Reading disorders manifest with difficulty in fluency, comprehension, and/or accuracy.  A common learning disorder is dyslexia, which involves a pattern of difficulty with word recognition, decoding (ie, producing sound associated with letters or words), or spelling, affecting both reading and writing.  This can affect the ability to follow directions and be associated with behavioral problems and reluctance to engage in learning due to negative self-concept (eg, this patient's worry that her classmates will laugh at her).  Manifestations may not be apparent in other, nonacademic social settings (eg, after-school dance classes, playing with children in the neighborhood).

Learning disorders are more common in children with social adversities and chronic medical, neurologic, or chromosomal conditions (eg, epilepsy, diabetes mellitus, fragile X syndrome).  These disorders are commonly comorbid with other psychiatric disorders including attention deficit hyperactivity disorder (ADHD), depression, and disruptive behavior disorders.  Standardized testing can confirm the diagnosis and lead to early intervention, which is essential for improving outcomes.

(Choice A)  This patient's difficulty should not be dismissed as age-appropriate.  Without further intervention, learning disorders can contribute to poor self-esteem, anxiety, depression, disruptive behavior, and academic difficulty.

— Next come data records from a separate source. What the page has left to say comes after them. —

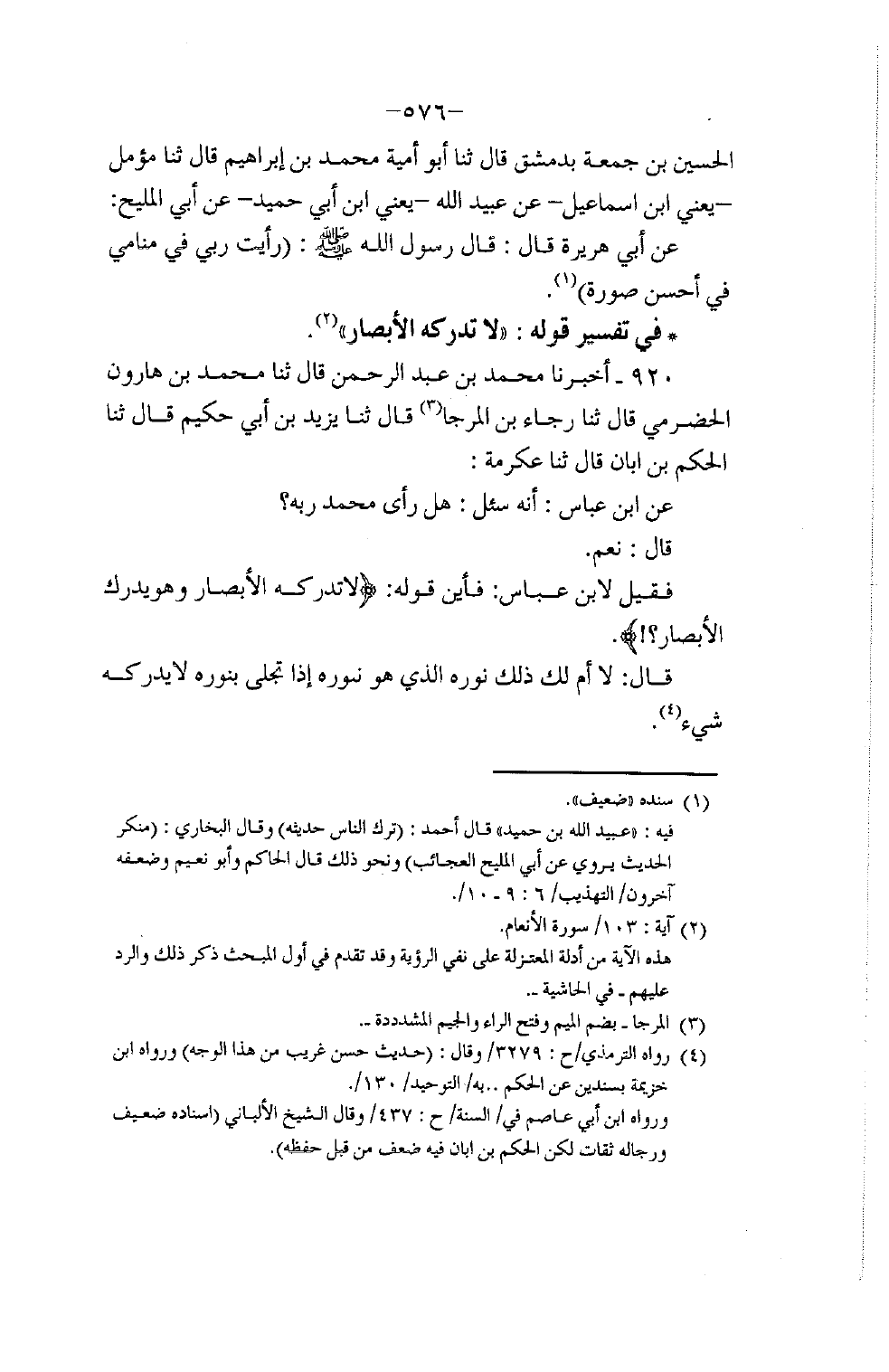 920 - أَخْبَرَنَا مُحَمَّدُ بْنُ عَبْدِ الرَّحْمَنِ، قَالَ: ثَنَا مُحَمَّدُ بْنُ هَارُونَ الْحَضْرَمِيُّ، قَالَ: ثَنَا رَجَاءُ بْنُ الْمُرَجَّا، قَالَ: ثَنَا يَزِيدُ بْنُ أَبِي حَكِيمٍ، قَالَ: ثَنَا الْحَكَمُ بْنُ أَبَانَ، قَالَ: ثَنَا عِكْرِمَةُ، عَنِ ابْنِ عَبَّاسٍ، أَنَّهُ سُئِلَ: هَلْ رَأَى مُحَمَّدٌ رَبَّهُ؟ قَالَ: نَعَمْ , فَقِيلَ لِابْنِ عَبَّاسٍ: فَأَيْنَ قَوْلُهُ {لَا تُدْرِكُهُ الْأَبْصَارُ وَهُوَ يُدْرِكُ الْأَبْصَارَ} [الأنعام: 103] قَالَ: «لَا أُمَّ لَكَ ذَلِكَ نُورُهُ الَّذِي هُوَ نُورُهُ إِذَا تَجَلَّى بِنُورِهِ §لَا يُدْرِكَهُ شَيْءٌ»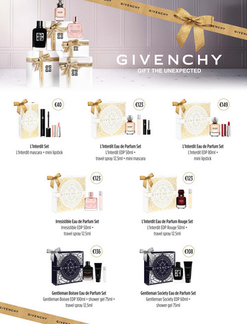Gift the unexprected για την Givenchy που δεν μπορούσαμε να μην την έχουμε στη λίστα μας ως κορυφαία επιλογή. Άρωμα, travel spray, shower gel, μάσκαρα, ξεχωριστά αλλά και σε συνδυασμούς δίνουν ένα combination που θα απογειωθεί το στυλ και την ομορφιά κάθε γυναίκας και άνδρα.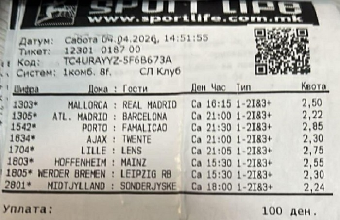 Третиот издвоен тикет е од Битола. Исто така десет натпревари, поголем дел од нив на конечен тип „кец“, а останатите со „гол-гол 3+“. За вложени 150 денари, добивка од од 1.400 евра. Воопшто не е наивно, напротив. Добивка за респект.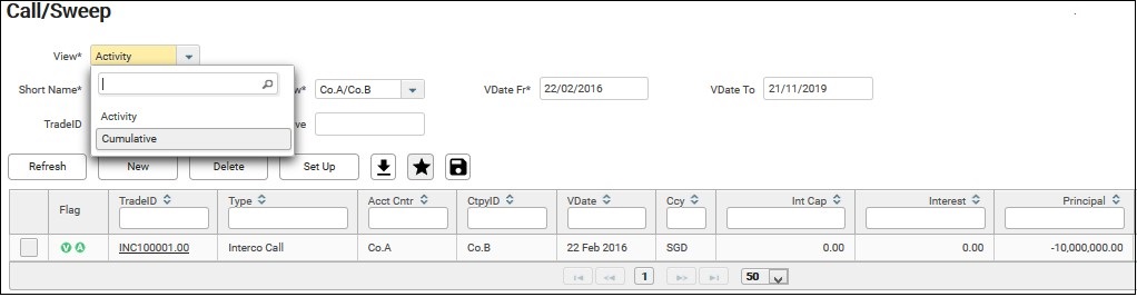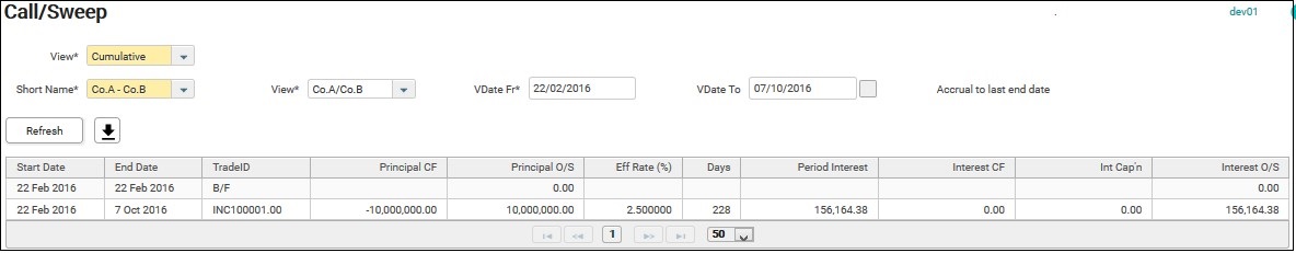6. To view all transactions made on the inter-company transaction, call deposit or bank sweep on cumulative basis and check the interest accrued, Cumulative may be chosen from the View field.

(Choice B)  ADHD is characterized by a pattern of inattention and/or hyperactivity-impulsivity across at least 2 settings.  There is no indication that this child struggles in the home setting.

(Choice C)  Intellectual disability includes deficits in intellectual as well as adaptive functioning (eg, dressing or feeding self, communicating, socializing), both of which this patient's mother does not describe.

(Choices D and E)  School refusal can be seen in oppositional defiant disorder, which is characterized by a pervasive pattern of angry/irritable mood, defiance, and vindictiveness.  Fear of being scrutinized by others can be seen in social anxiety disorder.  However, this patient's defiance is limited to going to and participating at school; she has no other behavioral difficulties at home, is not vindictive, has no difficulty playing with neighborhood kids, and readily participates in dance class.  Her argumentative behavior and school refusal are likely related to her struggle with reading and subsequent teasing.

Educational objective:
Learning disorders present in school-aged children as difficulties with academic skills (eg, reading, writing, and/or mathematics) and may result in anxiety, behavioral difficulties, and school refusal.  Early detection and intervention are essential for improving outcomes.